===== GIVEN DATA

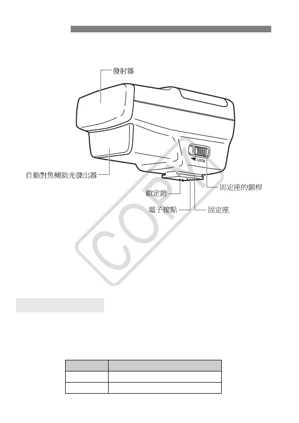 焦點相容。 自動對焦輔助光相容於28mm和更長的鏡頭 有效範圍如下
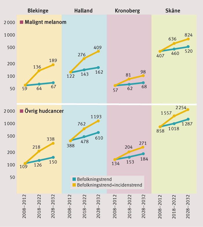 Vi belyser den framtida utvecklingen baserat på prognoser för insjuknande i malignt hudmelanom och skivepitelcancer i södra Sverige. Figur 1 visar prognoser för fall av malignt hudmelanom respektive övrig hudcancer (huvudsakligen skivepitelcancer, exklusive basalcellscancer) i ett 20-årsperspektiv för Blekinge, Halland, Kronoberg och Skåne enligt:
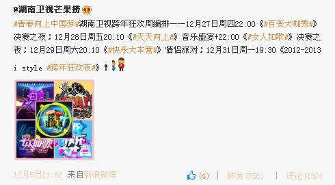 好像还是29号播 看weibo 湖南卫视的芒果捞的置顶贴 12月5日发的
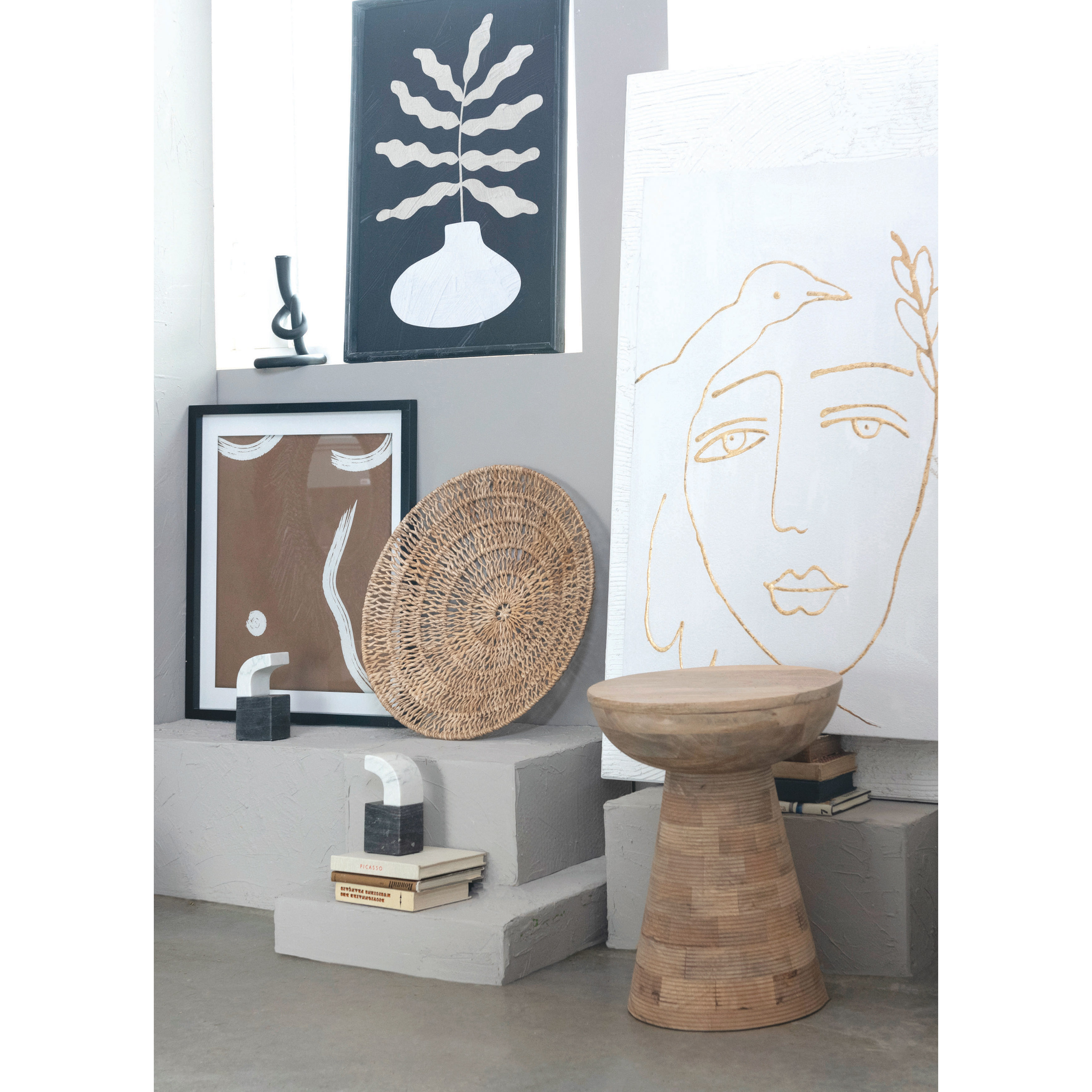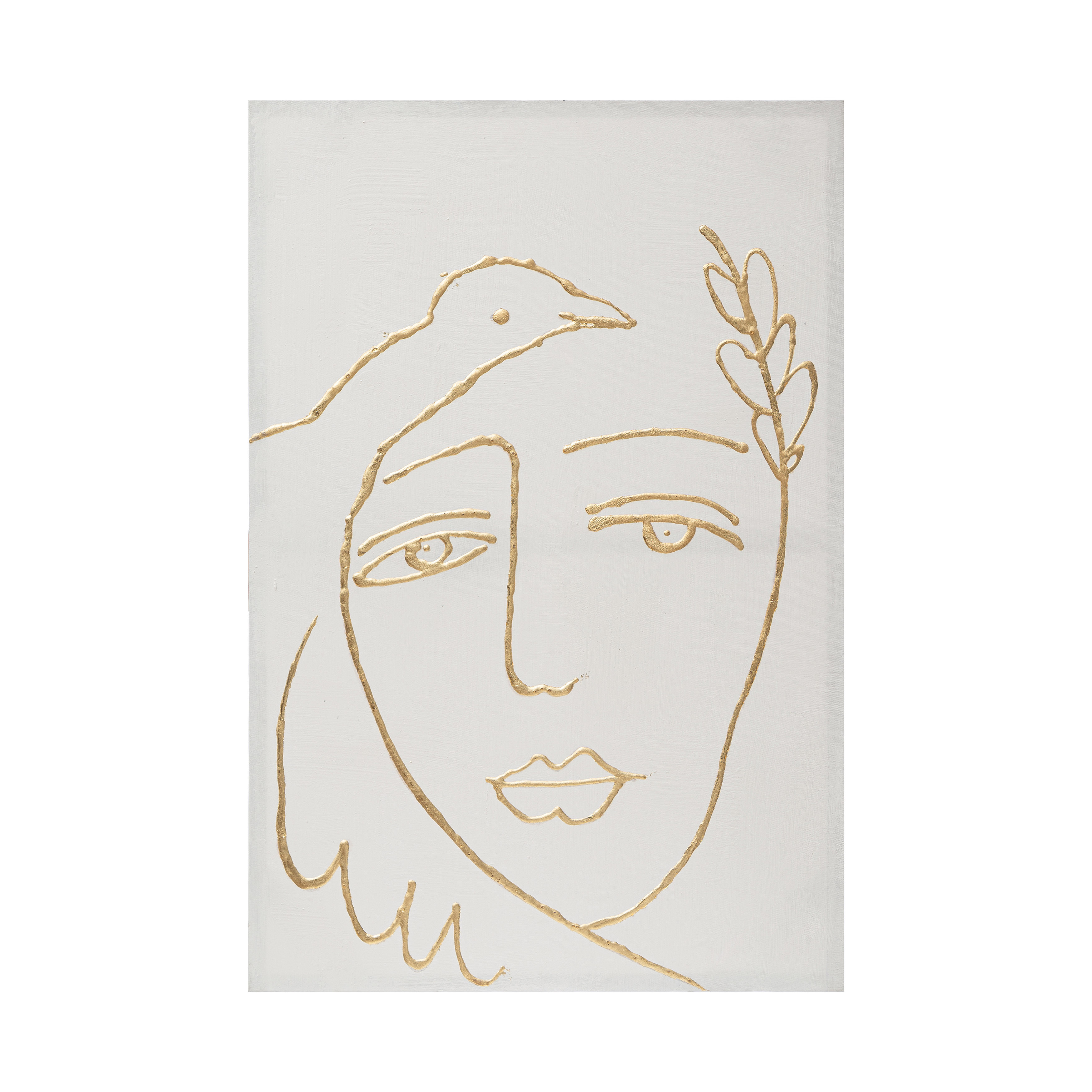 This romantic piece of wall art showcases a hand-painted, abstract design of a serene visage and bird on canvas. Gold, hand-painted abstract face and bird on white canvas. Display this stunning wall decor to effortlessly enhance the design of any living space. Made from pine wood, canvas, and acrylic.
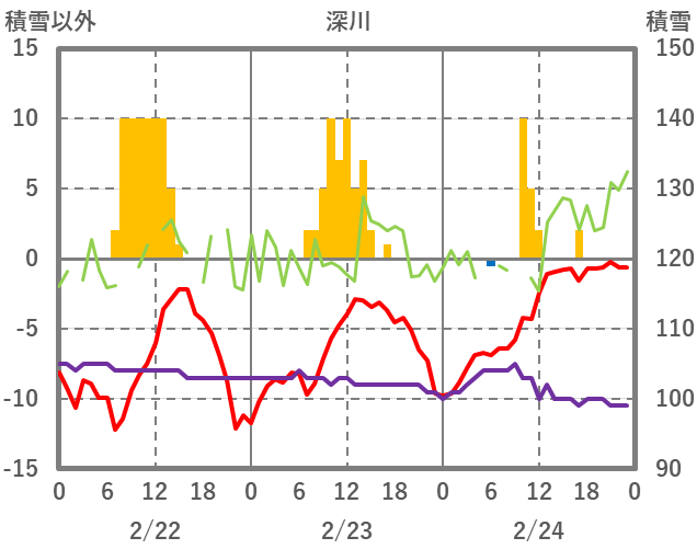 | 日 | 時 | 気温 | 降水 | 風向/風速 | 日照 | 積雪 | 降雪 |

==========

◆ **PROBLEM REQUIREMENTS**
Retype exactly. Include each line from the start of the material through the line holding "This romantic piece", and leave the pictures out.

◆ **WRITTEN SOLUTION**
 焦點相容。 自動對焦輔助光相容於28mm和更長的鏡頭 有效範圍如下
 Vi belyser den framtida utvecklingen baserat på prognoser för insjuknande i malignt hudmelanom och skivepitelcancer i södra Sverige. Figur 1 visar prognoser för fall av malignt hudmelanom respektive övrig hudcancer (huvudsakligen skivepitelcancer, exklusive basalcellscancer) i ett 20-årsperspektiv för Blekinge, Halland, Kronoberg och Skåne enligt:
 好像还是29号播 看weibo 湖南卫视的芒果捞的置顶贴 12月5日发的
 This romantic piece of wall art showcases a hand-painted, abstract design of a serene visage and bird on canvas. Gold, hand-painted abstract face and bird on white canvas. Display this stunning wall decor to effortlessly enhance the design of any living space. Made from pine wood, canvas, and acrylic.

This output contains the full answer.